Devolvió la revista arrugada al cajón mientras apagaba, sañudo, el cigarrillo en el cenicero hasta que vio extinguirse la última brasa; como si encontrase alivio en aquel gesto de violencia a pequeña escala. Ojalá pudiera, se dijo, hacer lo mismo con el párroco, y con la monja con pinta de lesbiana, y con todos esos curas salidos de los confesionarios, y de las catacumbas, y del pasado más obsoleto y más negro, para venir a amargarle la vida. Y también con aquella Sevilla orgullosa, apolillada, miserable, dispuesta a recordarle su condición de advenedizo apenas la hija de la duquesa del Nuevo Extremo volvió la espalda. Un ramalazo de cólera vino a estremecerle las mandíbulas, y con un revés de la mano puso boca abajo el retrato de la mujer. Por Dios, por el Diablo o por quien fuera responsable de aquello, que todos iban a pagar muy caras la vergüenza y la incertidumbre que le estaban haciendo pasar. Primero le habían robado a su mujer, y ahora pretendían robarle la iglesia, y el futuro.
– Os voy a barrer -casi escupió en voz alta-. A todos.
Pronunció aquellas palabras en el acto de apagar el ordenador, mientras el rectángulo luminoso de la pantalla se empequeñecía hasta desaparecer por completo. Estaba dispuesto a que se cumpliera el aspecto formal de la sentencia. Algunos curas fuera de circulación -un escarmiento, una cadera rota- era algo que a Pencho Gavira no iba a causarle remordimientos dignos de consideración. Y si lo apuraban mucho, ni siquiera remordimientos a secas. Así que, cuando alargó el brazo para descolgar el teléfono interior, estaba convencido de que algo debía hacerse al respecto.
– Peregil -le dijo al auricular-. ¿Tu gente es segura?

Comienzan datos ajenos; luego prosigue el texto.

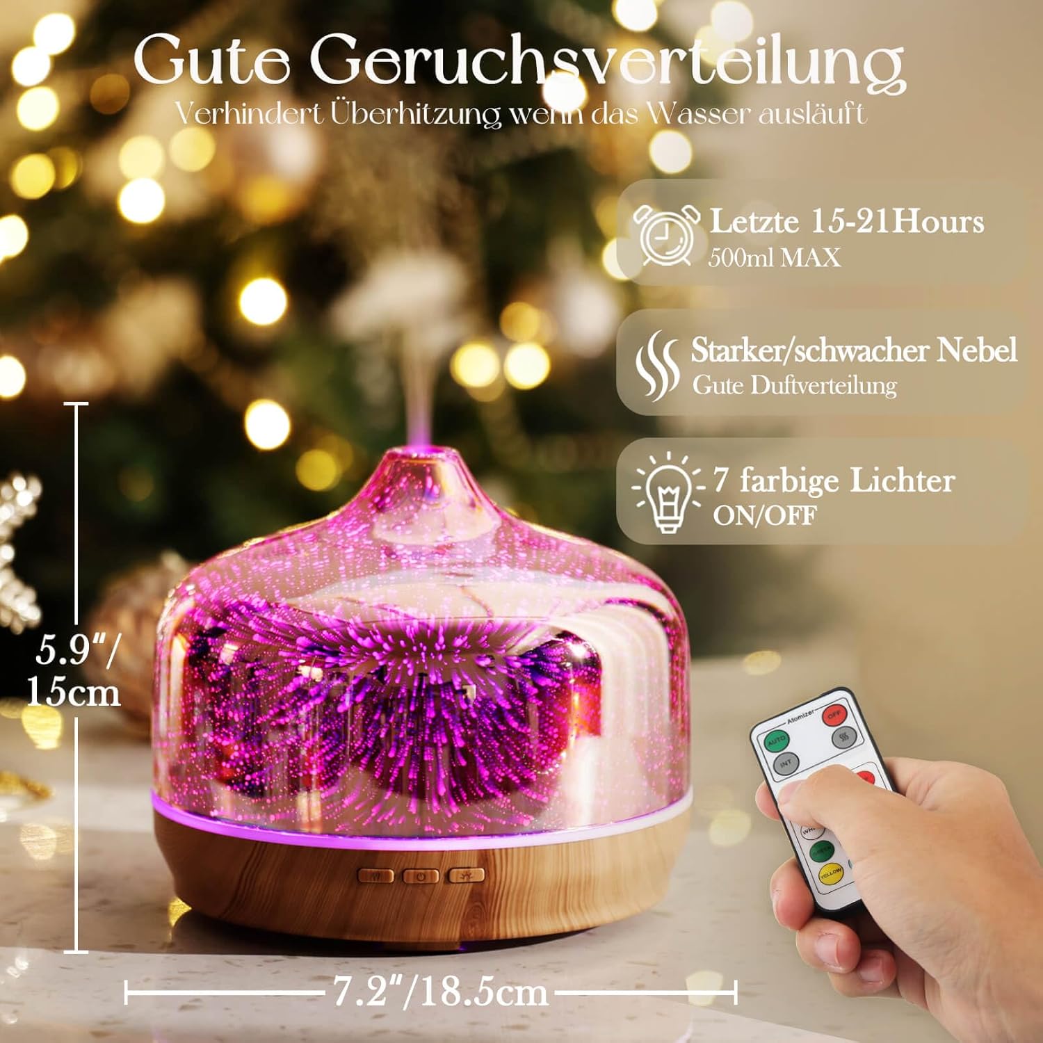 1. Remove the aroma diffuser from its packaging. 2. Fill water into the water tank. 3. Add 4-6 drops of essential oil (optional). 4. Close the lid. 5. Choose one of the 7 colours or the automatic colour changing mode. 6. Choose the mist mode: continuous spray or interval spray. 7. Turn on the diffuser. 8. For maintenance: rinse the water tank regularly with water and dry it thoroughly.

Como el bronce, fue la respuesta del esbirro. Entonces Gavira miró el marco vuelto hacia abajo sobre la mesa y esbozó aquella mueca carnicera que en el mundo bancario andaluz le había valido el sobrenombre de El Marrajo del Arenal. Era el momento de pasar a la acción, se dijo. Y de algo estaba seguro: a aquellos aguafiestas con sotana iba a partirles el espinazo.
– Pues dales caña -ordenó-. Pégale fuego a la iglesia, o lo que te parezca. Quiero leña al mono, hasta que hable inglés.